The simplicity of the genetic screen model used here to characterize the catalytic efficiency of the HCV NS3/4 protease can be seen as a complement to the classical biochemical approach for monitoring NS3/4 proteolytic activity. An interesting result of the current study has been the finding that our system easily allows the characterization of enzymes with different proteolytic activities. The catalytic efficiencies of the different variant proteases gives not only a precise scheme of the selection forces that act in the evolution of this protein but also highlights essential positions of the enzyme. Coupling mutant sequence libraries with this positive genetic selection system will allow the study of a huge number of functional mutants.

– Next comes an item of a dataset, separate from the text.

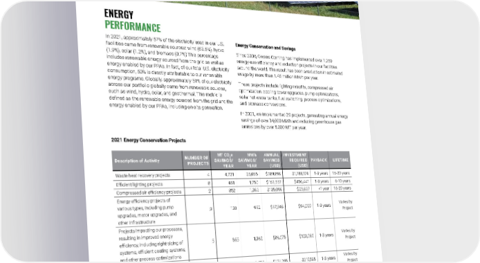 2021 Owens Corning Sustainability Report | Reducing Our Environmental Footprint | Energy Efficiency | 142 2021 Energy Conservation Projects Description of Activity NUMBER OF PROJECTS MT CO 2 e SAVINGS/ YEAR MWh SAVINGS/ YEAR ANNUAL SAVINGS (USD) INVESTMENT REQUIRED (USD) PAYBACK LIFETIME Waste heat recovery projects 4 4,721 26,065 $789,898 $1,78 8 ,174 1-3 years 16-20 years Efficient lighting projects 8 481 1,750 $16 3,55 7 $456,4 41 1-3 years 6 -10 years Compressed air efficiency projects 2 852 1,383 $135,098 $25,837 <1 year 16-20 years Energy efficiency projects of various types, including pump upgrades, motor upgrades, and other infrastructure 3 120 952 $ 5 7, 5 4 8 $94,090 1-3 years Varies by Project Projects impacting our processes, resulting in improved energy efficiency, including right-sizing of systems, efficient coating systems, and other process optimizations 5 585 1,362 $86,075 $123,080 1-3 years Varies by Project HVAC efficiency projects 3 1,12 9 1,558 $124,795 $ 319,18 5 1-3 years Varies by Project Replacing equipment with more energy-efficient technologies 4 439 1,123 $72,377 $136,365 1-3 years 16-20 years TOTA L 29 8,328 3 4,193 $1,429,348 $ 2 ,94 3,173 ENERGY PERFORMANCE In 2021, approximately 57% of the electricity used in our U.S. facilities came from renewable sources: wind (53.5%), hydro (1.9%), solar (1.2%), and biomass (0.7%) This percentage includes renewable energy sourced from the grid as well as energy enabled by our PPAs. In fact, of our total U.S. electricity consumption, 50% is directly attributable to our renewable energy programs. Globally, approximately 51% of our electricity across our portfolio globally came from renewable sources, such as wind, hydro, solar, and geothermal. This metric is defined as the renewable energy sourced from the grid and the energy enabled by our PPAs, including on-site generation. Energy Conservation and Savings Since 2006, Owens Corning has implemented over 1,250 energy-use efficiency and reduction projects in our facilities around the world. The result has been a reduction in estimated usage by more than 1.45 million MWh per year. These projects include lighting retrofits, compressed air optimization, cooling tower upgrades, pump optimizations, solar hot water tanks, fuel switching, process optimizations, and biomass conversions. In 2021, we implemented 29 projects, generating annual energy savings of over 34,000 MWh and reducing greenhouse gas emissions by over 8,000 MT per year. Photo submitted by: Danyelle Lynne Phelps | Granville, Ohio, U.S. Solar field at the plant in Fairburn, Georgia, U.S.

We recently performed a similar study with the HIV-1 protease.51 HIV-1 and HCV share some characteristics, being both RNA viruses and producing persistent infections in humans. Consequently, we have found some common traits between these proteases. First, every quasispecies displayed a large number of fitness optima or peaks, suggesting that protease quasispecies complexity does not exclusively depend on the enzyme catalytic efficiency. Second, phylogenetic–fitness maps were rugged. The adaptive peak of the master protease was surrounded by other adaptive peaks formed by related minority variants, indicating that the master sequence may walk through the quasispecies fitness landscape by single mutational steps without being trapped at suboptimal alleles.52 Third, although the analyzed quasispecies shared some traits such as the presence of several fitness optima, differing nucleotide heterogeneity and diversification were detected between different quasispecies, reflecting that different selective forces were acting on different infected individuals.

To understand the HCV interaction with its host, protease landscape maps in which genetic information is associated with enzyme activities should provide clues to explain adaptive mechanisms during the complex processes of genetic drift and selective pressures exerted by the host immune system or antiviral therapy.